The third problem, called "Largest prime factor" was about, well, finding the largest prime factor of a given number. This is quite easy to brute-force even for an inexperienced programmer and I came up with a solution of my own in what must've been less than a couple of minutes.

After thinking about it for a while, I decided that I would attempt to further optimize my solution even though it was already enough to solve the given problem with ease. The main motive for this optimization was that I knew that I'd have to rewrite the function anyways for a calculator program that I'm working on together with a friend. The program is called testauskalkki and it's written in Rust.

Due to this and the fact that I can't stand bad (suboptimal) code I started the process of optimizing my algorithm

Technical disclaimer

All tests of the programs included in this article are run on the same machine. The time-values are generated by a program called hyperfine (apart from the first one, since that is way too long for it to make sense to benchmark it with hyperfine.

The tests are run on my T440p and the programs are compiled with GCC using the following command:
gcc -O3 -o output -lm input.c.

The input for every program is: 700851475143

1. Initial algorithm

The code I came up with for initially solving the problem is the following:

#include <stdio.h>

// A very Q&D prime factorization

long long
nextprime(long long n)
{
    for (long long i = n+1; i > 0; ++i) {
        char prime = 1;

        for (long long j = 2; j < i; ++j) {
            if (i % j == 0) {
                prime = 0;
                break;
            }
        }

        if (prime) {
            return i;
        }
    }
    return -1;
}

int
main()
{
    long long n;
    scanf("%lld", &n);

    long long prime = 2;

    while (n > 1) {
        if (n % prime == 0) {
            printf("%lld\n", prime);
            n /= prime;
        } else {
            prime = nextprime(prime);
        }
    }
    return 0;
}

As the comment suggests this algorithm is extremely naive and therefore really slow.

A brief description of how the program operates:

  1. The program reads n from input and assigns prime to 2, the first prime number.
  2. The program starts a loop with the condition n > 1 In this loop the program checks whether n is evenly divisible by prime and if that is the case the program prints out the value of prime as it is a prime factor of the number and set n equal to n/prime
  3. If n isn't divisible by prime the program assings prime to the output of the function nextprime when passed prime as an argument.
  4. The nextprime function operates by looping though every number from its argument n to infinity checking if it's a prime number (by going throuhg every number below it and checking if the number is divisible by any of them)
  5. When the next prime number is found the function returns it. If nothing is found the function returns -1(this is never reached nor handled)

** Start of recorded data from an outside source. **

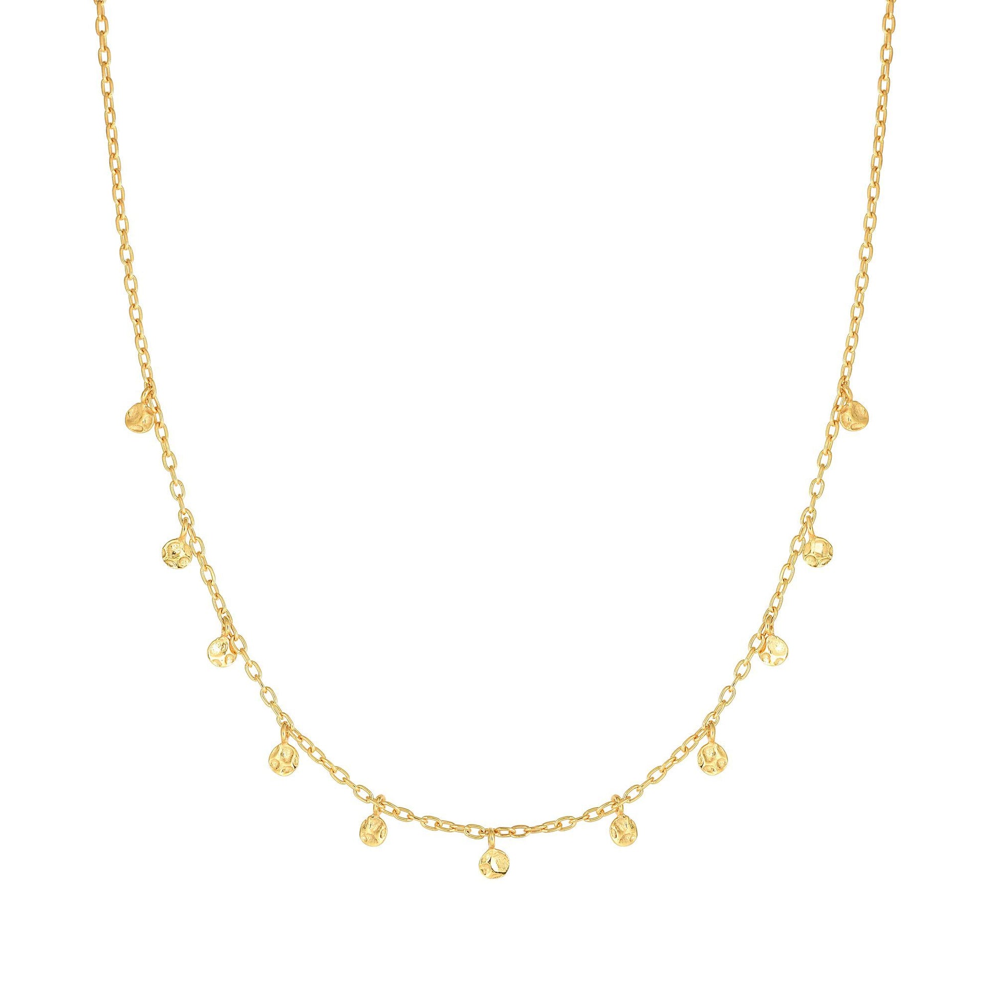 14K Gold Polished Circle Dangle Choker Necklace
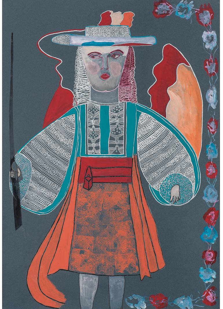 Inspirada en la historia colonial sudamericana. La imagen de estos ángeles la vi en una capilla del norte argentino, en la provincia de Jujuy y es impactante.Busco con esta obra dar a conocer lo que hicieron en esa época en estas latitudes, que se compare,soñar con conocer estos lugares tan bellos y...
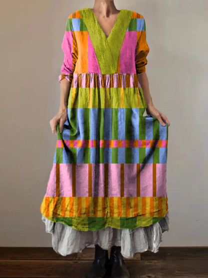 Women's Abstract Geometry Art Print V-Neck Button Pocket Cotton Dress

With the given input this program takes approximately 1 hour to compute the answer.

So... As we see, we have a long way to go in optimizing the code

2. The first and biggest optimization

Most of the optimization to the algorithm can be done in the nextprime function. Let's start by splitting the function to two separate functions.

The new function is called isprime and it returns a boolean value: if a the number given as an argument is prime or not.

To this new function we move the inner for-loop of the original function. This itself doesn't optimize the code but it chops it into smaller pieces making it easier to work with.

Now for the optimization:
As some of you might know a number can only be divisible by another number smaller than or equal to it's square root. Therefore in isprime We only need to loop through the numbers from 2 to sqrt(n) which saves a lot of time. Following this optimization the two functions look like this (main stays unchanged and therefore isn't included)

char
isprime(long long n)
{
    if (n == 1) return 0;
    if (n == 2) return 1;
    if (n == 3) return 1;

    int sq = (int)sqrt(n);
    for (int i = 2; i <=; sq; ++i) {
        if (n % i == 0) {
            return 0;
        }
    }
    return 1;
}

long long
nextprime(long long n)
{
    for (long long i = n+1; i > 0; ++i) {
        if (isprime(i)) {
            return i;
        }
    }
    return -1;
}

Additionally #include <math.h> is required for sqrt

This optimization might seem like a small change but it actually saves a lot of time as the runtime goes from 1h to ~3.5s which is >1000x faster!!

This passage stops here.